The Pashalik of Scutari, Iskodra, or Shkodra (1757–1831), was an autonomous and de facto independent pashalik  created by the Albanian Bushati family from the previous Sanjak of Scutari, which was situated around the city of Shkodër in modern-day Albania and large majority of modern-day Montenegro. At its peak during the reign of Kara Mahmud Bushati the pashalik encompassed much of Albania, most of Kosovo, western Macedonia, southeastern Serbia and most of Montenegro. Up to 1830 the Pashalik of Shkodra controlled most of the above lands including Southern Montenegro.

Background
The weakening of Ottoman central authority and the timar system of land ownership brought anarchy to the Albanian-populated region of the Ottoman empire. In the late eighteenth century, two Albanian centers of power emerged: Shkodër, under the Bushati family; and Janina, under Ali Pasha of Tepelenë.

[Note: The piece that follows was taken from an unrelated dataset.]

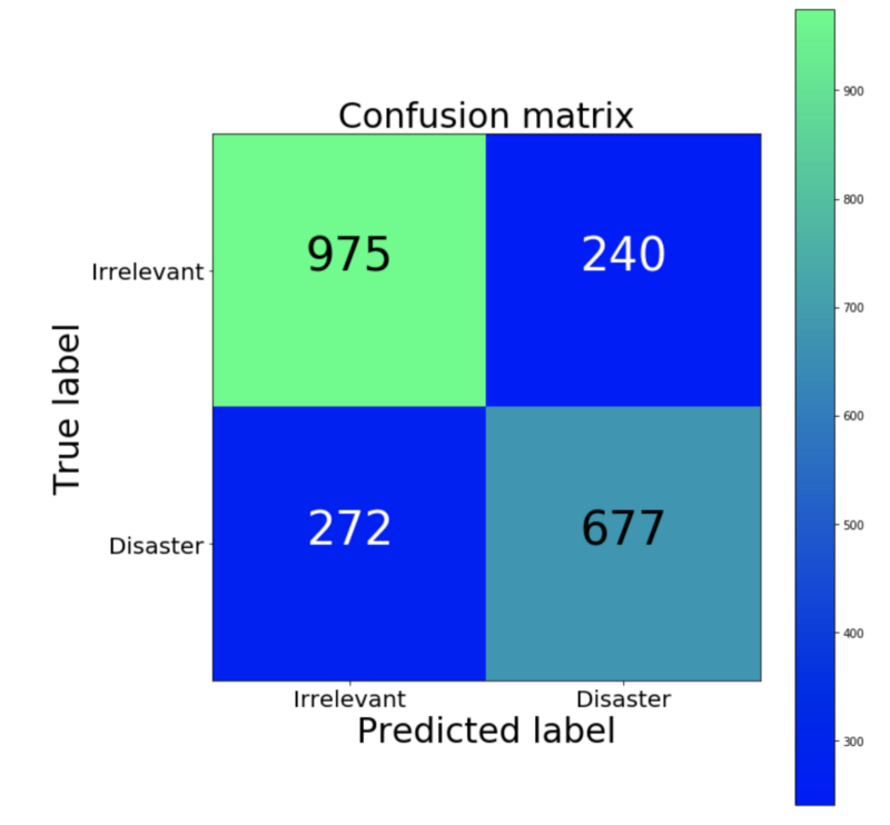 A first step is to understand the types of errors our model makes, and which kind of errors are least desirable. In our example, false positives are classifying an irrelevant tweet as a disaster, and false negatives are classifying a disaster as an irrelevant tweet. If the priority is to react to every potential event, we would want to lower our false negatives. If we are constrained in resources however, we might prioritize a lower false positive rate to reduce false alarms. A good way to visualize this information is using a Confusion Matrix, which compares the predictions our model makes with the true label. Ideally, the matrix would be a diagonal line from top left to bottom right (our predictions match the truth perfectly).

Both regions cooperated with and defied the Sublime Porte as their interests required.

History
In 1757, Mehmed Bushati, having eliminated two rival families and heading the Tabak esnaf of Shkodra as their spiritual Sheikh proclaimed himself pasha of Shkodër. Mehmet Bushati known as Mehmet the Old (Plaku) transformed the Sanjak of Scutari, created in 1479, into a semi-autonomous Pashalik of Shkodra. He was praised by Istanbul for ending the Arab and Berber pirates' reign of terror over the Venetian ships in the Adriatic.

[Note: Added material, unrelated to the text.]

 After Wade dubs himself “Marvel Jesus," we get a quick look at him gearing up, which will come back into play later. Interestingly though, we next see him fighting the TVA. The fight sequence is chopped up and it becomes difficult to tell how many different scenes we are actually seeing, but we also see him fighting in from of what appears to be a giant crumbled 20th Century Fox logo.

Mehmed Bushati's son and third successor, Kara Mahmud Bushati, pursued a policy of military expansion and established his control over northern Albania up to the Toskëria and Kosovo. He launched two attacks on Montenegro (1785, 1796) and against Venice in revenge for the Bey of Tunis. He defeated several Ottoman expeditions dispatched to subdue him for his uncontrolled behavior. Kara Mahmud subdued Montenegrin tribes and forced the Venetians to pay him a tribute (haraç). He courted both the Austrian and Russian empires, receiving a promise from Vienna that they would recognise him as lord of all Albania in return for an alliance against the Sublime Porte. However, after taking money from the Austrians he decapited the Viennese emissaries, sent their heads to Istanbul and pledged loyalty to the sultan. In response, the Ottomans ex post facto pardoned Kara Mahmud for his attacks against Venice and reappointed him governor of Shkodër.

In 1796, the Montenegrin tribes of Piperi and Bjelopavlići defeated an expedition launched against them by the Shkodran Muslims in the Battle of Krusi and decapitated Kara Mahmud Bushati. His death signalled a decline in autonomy for the pashalik. Kara Mahmud's successor Ibrahim Bushati cooperated with the Ottoman empire until his own death (1810). He was appointed Beylerbey of Rumelia and subdued the Serbs during his military expeditions against Belgrade.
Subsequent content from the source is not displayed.